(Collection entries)
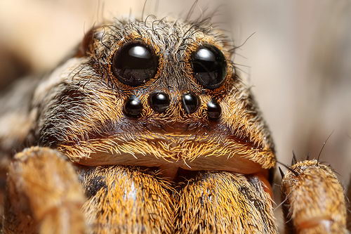 - One of the promising features of wolf spiders is their eyes; two large pairs facing forward while two others facing sideways, accompanied by the four smaller eyes.
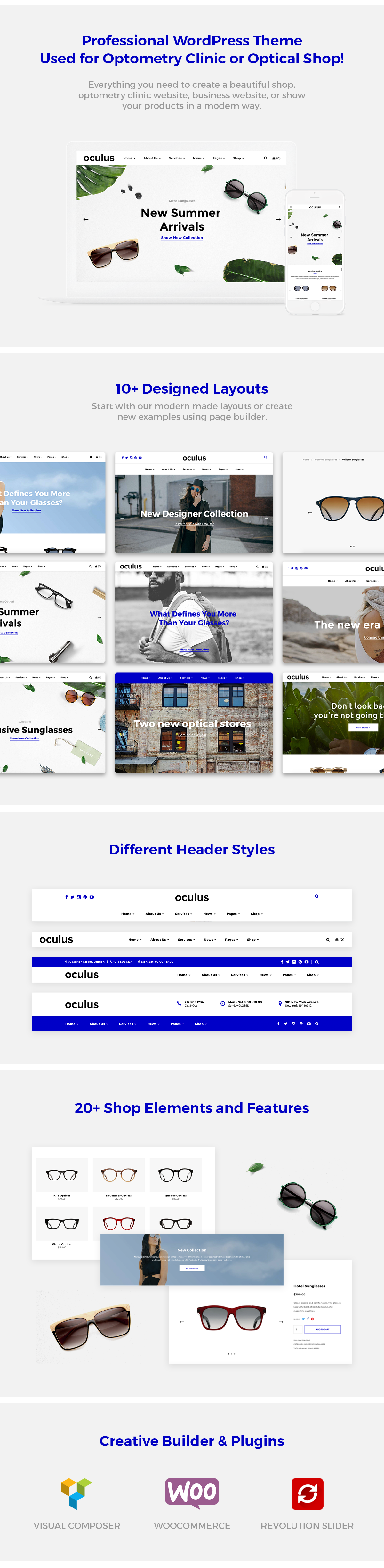 Oculus is a fully responsive Optical Theme that can be used for optical shop, optometry clinic. Also can be ideal for handmade, fashion, sunglasses, watches, jewelry, accessories and so many more. Creative and Multi-Concept business theme that includes everything you need for your perfect online store.
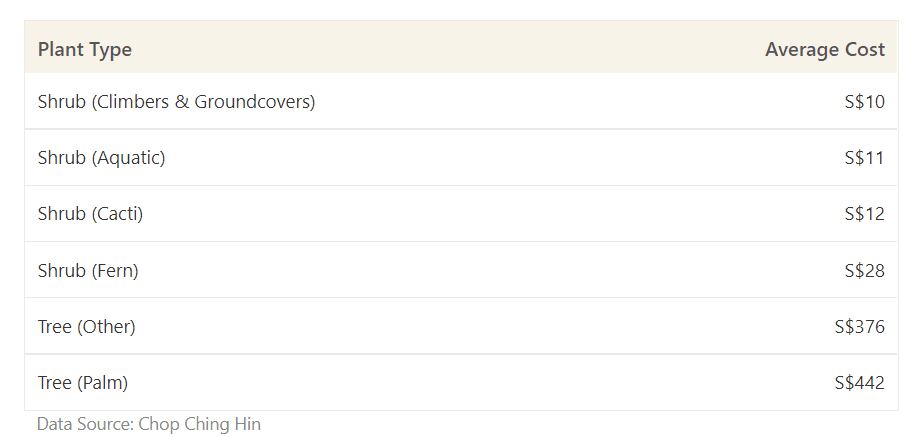 Landscapers and gardeners may also be required for routine upkeep. Gardeners will be able to trim your shrubbery, mow the lawn, pull out weeds to keep your garden healthy and beautiful on a weekly or biweekly basis. Of course, you always have the option to do the gardening yourself if the foundation of your garden is already there. In this case, you’ll have to invest in the plants and the gardening tools. You can buy plants from nurseries or rescue a second-hand plant from sites like Carousell. Typically, large trees will cost the most, ranging from S$5 for saplings to a few thousand dollars for mature varieties. Smaller shrubs like ferns and groundcovers are much cheaper, typically costing S$10-S$30 per plant. You’ll also need gardening tools like trowels and shears, which can be bought at nurseries or e-commerce sites like Lazada for roughly S$20 per tool.
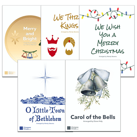 This set of 2020 Holiday Piano Music set includes music from mid elementary to mid intermediate level by Wendy Stevens and Diane Hidy.
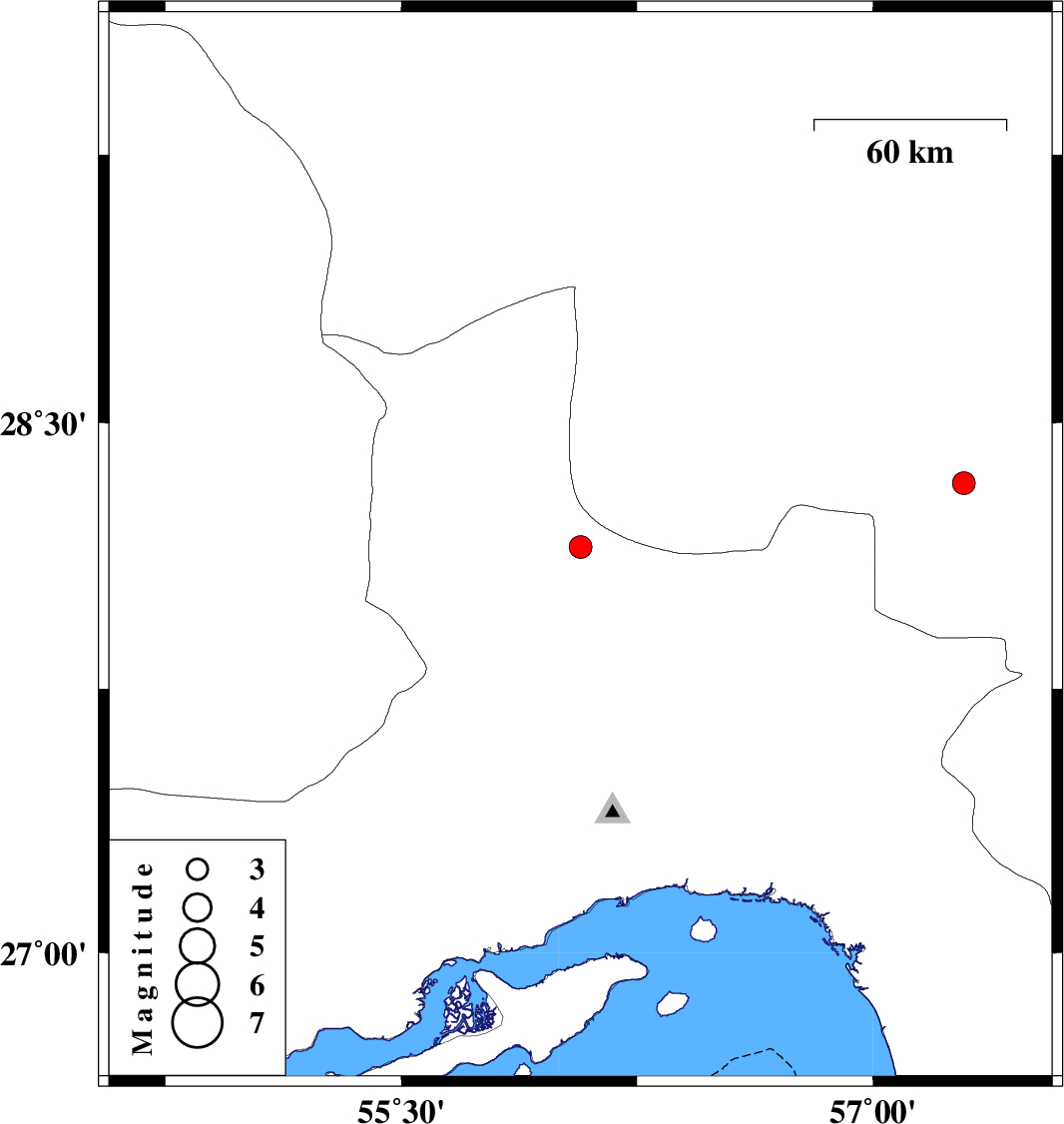 | 2013/06/07 | 19:06:14.2 | 23:36:14.2 | 28.15 | 56.07 | 14 | ML3.2 | Hormozgan Province, 24 km South-East of Hajiabad | ||

*Task brief*
All pictures must be left out. Reproduce exactly the lines from the one containing "Landscapers and gardeners" to the final line of the entries.

*Task output*
 Landscapers and gardeners may also be required for routine upkeep. Gardeners will be able to trim your shrubbery, mow the lawn, pull out weeds to keep your garden healthy and beautiful on a weekly or biweekly basis. Of course, you always have the option to do the gardening yourself if the foundation of your garden is already there. In this case, you’ll have to invest in the plants and the gardening tools. You can buy plants from nurseries or rescue a second-hand plant from sites like Carousell. Typically, large trees will cost the most, ranging from S$5 for saplings to a few thousand dollars for mature varieties. Smaller shrubs like ferns and groundcovers are much cheaper, typically costing S$10-S$30 per plant. You’ll also need gardening tools like trowels and shears, which can be bought at nurseries or e-commerce sites like Lazada for roughly S$20 per tool.
 This set of 2020 Holiday Piano Music set includes music from mid elementary to mid intermediate level by Wendy Stevens and Diane Hidy.
 | 2013/06/07 | 19:06:14.2 | 23:36:14.2 | 28.15 | 56.07 | 14 | ML3.2 | Hormozgan Province, 24 km South-East of Hajiabad | ||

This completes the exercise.